Exercise: In the entries that follow, the lines from the line containing "Immár hatodik alkalommal" up to and including the line containing "- Self-adhesive Cat" must be copied exactly, with pictures omitted.

Entries shown:
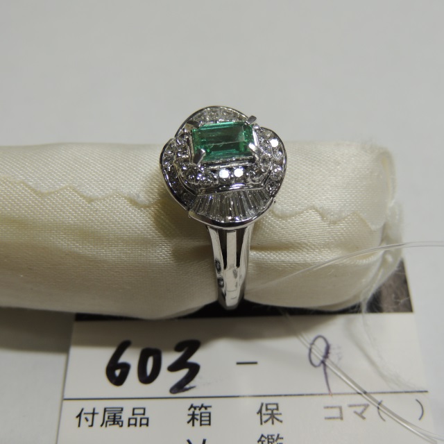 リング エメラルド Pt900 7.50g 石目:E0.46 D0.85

* * *

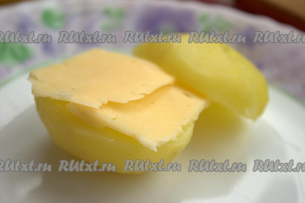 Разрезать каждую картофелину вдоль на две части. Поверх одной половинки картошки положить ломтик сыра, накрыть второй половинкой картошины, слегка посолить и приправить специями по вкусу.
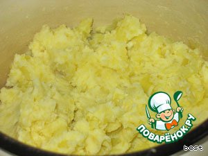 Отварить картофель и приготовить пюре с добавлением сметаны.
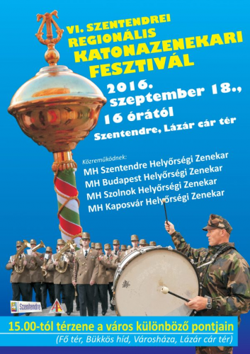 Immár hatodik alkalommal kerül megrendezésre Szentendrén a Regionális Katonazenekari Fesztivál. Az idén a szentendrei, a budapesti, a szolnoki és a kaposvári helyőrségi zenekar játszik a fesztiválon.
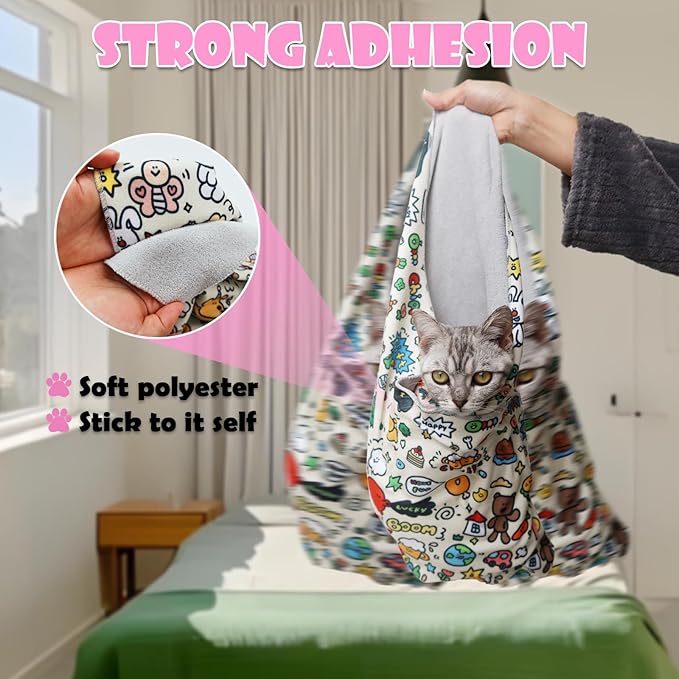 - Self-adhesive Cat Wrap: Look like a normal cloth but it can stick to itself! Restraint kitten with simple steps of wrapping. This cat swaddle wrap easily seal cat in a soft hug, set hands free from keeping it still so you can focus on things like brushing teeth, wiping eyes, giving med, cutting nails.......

...

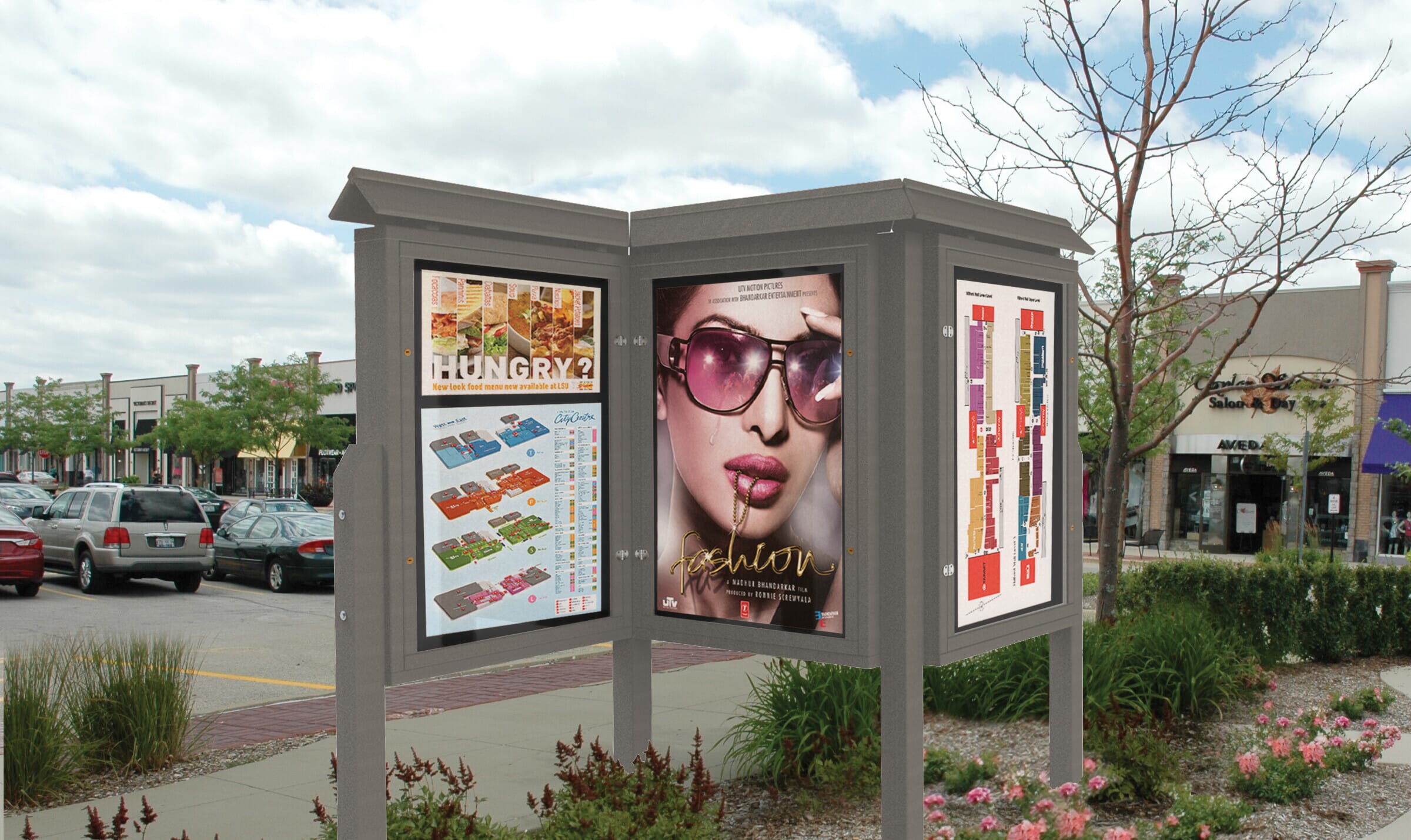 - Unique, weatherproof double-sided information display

Output for this task:
 Immár hatodik alkalommal kerül megrendezésre Szentendrén a Regionális Katonazenekari Fesztivál. Az idén a szentendrei, a budapesti, a szolnoki és a kaposvári helyőrségi zenekar játszik a fesztiválon.
 - Self-adhesive Cat Wrap: Look like a normal cloth but it can stick to itself! Restraint kitten with simple steps of wrapping. This cat swaddle wrap easily seal cat in a soft hug, set hands free from keeping it still so you can focus on things like brushing teeth, wiping eyes, giving med, cutting nails.......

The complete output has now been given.